Countless directors tried to depict the scene in which Alice shrinks, grows and metamorphoses in Lewis Carroll's fantastically imaginative novel: some of them turned to clever stage designs that altered the perceptions of Alice's real proportions for the audience, while modern versions of the same scene were enriched by great special effects.
There was certainly the same hallucinatory quality of the shrinking and growing scene from Alice in Wonderland in Anrealage's A/W 19 collection, showcased on Tuesday during Paris Fashion Week.
Yet designer Kunihiko Morinaga didn't really need any special effects for his garments, his tailoring skills and a sharp eye for details were indeed enough for him to come up with unique designs. Leaving behind his previous experiments with lights and shadows, Morinaga focused this time on proportions.
At the back of the runway there were five key garments - a T-shirt, a denim jacket, a trench coat, a shirt and a blazer - displayed on dummies. Were was the peculiarity of this setting? In the size of the dummies and the clothes that came in a cyclop size.
The models on the runway looked as if they had been playing with the magnified clothes behind them and had tried to fashion out of the unusually oversized garments a series of wearable coats, capes and dresses.
Giant collars became lapels with rather unusual proportions; a blazer was turned into a monumental coat with kimono sleeves; a fingerless glove became a sweater; a white shirt sleeve complete with cuff was transformed into a pinafore dress, while giant trousers were refashioned into capes and the sleeve of a bomber jacket was dismembered and used to create a strapless dress with its ribbed cuff forming the bodice.
The effect was uncanny, surreal and cleverly funny in some cases: the coin purse turned handbag was extremely covetable, but so were the woolen sock and the label (with size included) turned into a capelet matched with an apron skirt (fashioned from the magnified waistband of a pair of denim trousers) and a scarf (while a scarf became an ample sweater with a thick fringe...).
Details helped making the collection credible – pin badges dedocrating an oversized biker jacket had the size of plates, zippers and buttons were also exaggerated, but so were the necklaces (some of these pieces were a collaboration with designer "e.m.") and the shiny silver earphones hanging around the neck of a model.
The meaning of the collection was hiding in these details, Morinaga entitled indeed the collection "God is in the Details". Lamenting the fact that we filter fashion via the screens of mobile phones, the designer decided to take images of ordinary and almost banal garments as seen on a mobile phone screen and magnify them at 300% (you can visit Anrealage's Facebook page to look at the garments used as starting points for this collection).
In a way this show was maybe less entertaining than the previous ones that featured mesmerising light effects that radically transformed the garments.
At the same time the collection was surprising as it played well with proportions, shapes, volumes and tailoring, also referencing other experiments on proportions, geometries and the human body that Morinaga did in the past.

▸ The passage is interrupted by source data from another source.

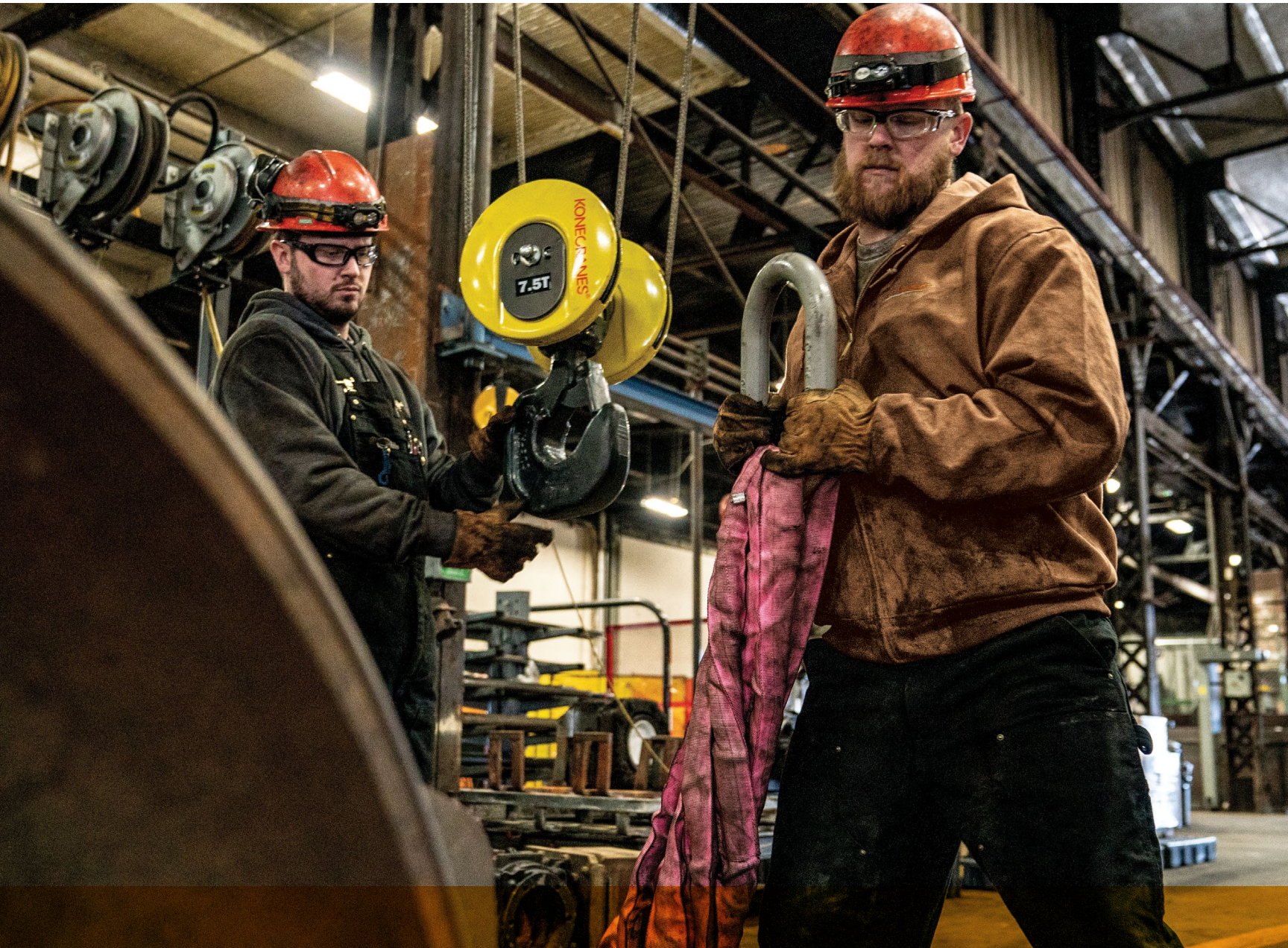
Thermal-Lined Duck Active Jacks CTJ131 | CTTJ131 (Tall)
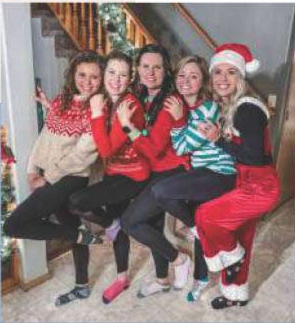
Girls annual Christmas party
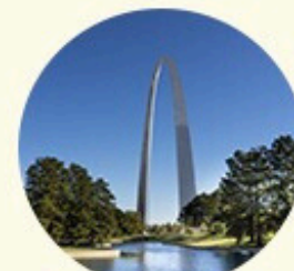
H. Gateway Arch Park, 5 Min Walk
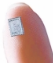
3. LTX Electronics
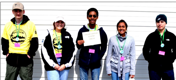
Calvary Christian Academy—Threens
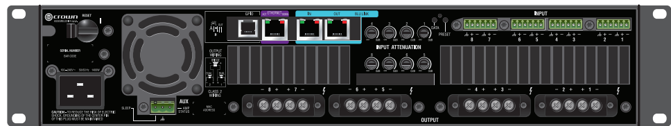
8|600N model shown
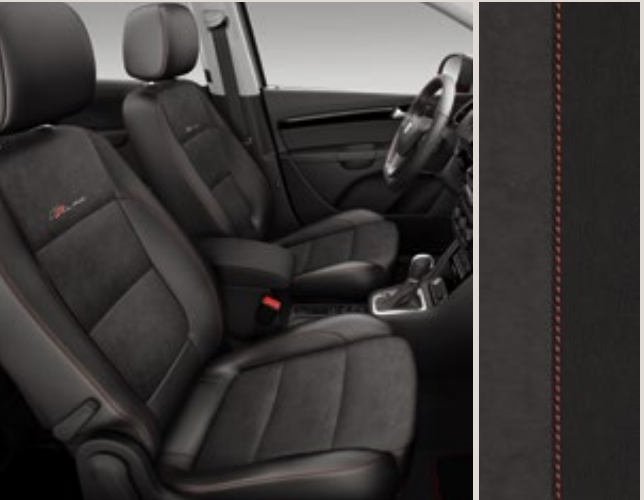
Alcantara® Black sport seats FR-Line FL + PFR FR
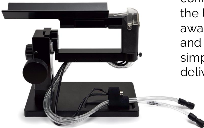
MICRON Animal Stand - Pro - Rat

With the MICRON Animal Stand - Pro , for the first time, inhalation anesthetic delivery is integrated into a platform specifically designed for in vivo ophthalmic imaging of small animals.
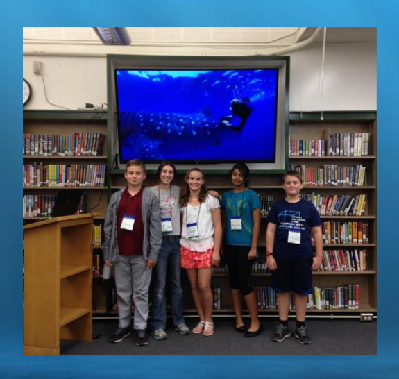
Movie Night Fundraisers & Community Education
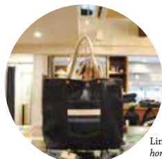
Limited edition, honten -exclusive tote bag (¥5,280)

Accessible and delicious authentic yoshoku cuisine
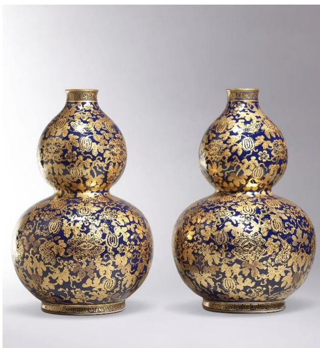
AN EXCEPTIONALLY RARE AND EXQUISITE PAIR OF BLUE-GROUND GILT-DECORATED 'MELON AND VINE' DOUBLE GOURD-FORM VASES

QIANLONG SIX-CHARACTER SEAL MARKS IN IRON RED AND OF THE PERIOD (1736-1795) 11 3/8 in. (29 cm.) high Estimate: HK$16,000,000 – 22,000,000

Playing with proportions was maybe an expedient inspired by a God of fashion that benevolently watches upon Morinaga and inspires him with ideas suspended between the real and the unreal spheres (the name of the label is a pun of these two words) with some incursions into the surreal (as proved by this collection...).
Will Morinaga's fashion God be so kind as to grant him to win also the 2019 LVMH Prize (Morinaga is among the twenty semifinalists that are going to be reduced to eight finalists after a showroom presentation taking place today and tomorrow at LVMH's Avenue Montaigne headquarters)?
Considering that these prizes too often end up being given to young and inexperienced designers who are considered as hip and trendy, but who do not seem to have great tailoring skills, and the fact that there are a few poseurs, pardon influencers, in the jury as well who may be more interested in watching fashion through their mobile phone screens rather than studying details, it may be (sadly) rather unlikely. Yet maybe it would be better this way, after all Anrealage could be positioned among the conceptually clever timeless brands rather than the hip labels destined to fade away in a few years' time (it is worth remembering that Thomas Tait and Hood by Air, winners of the 2014 LVMH Prize, are no longer producing collections).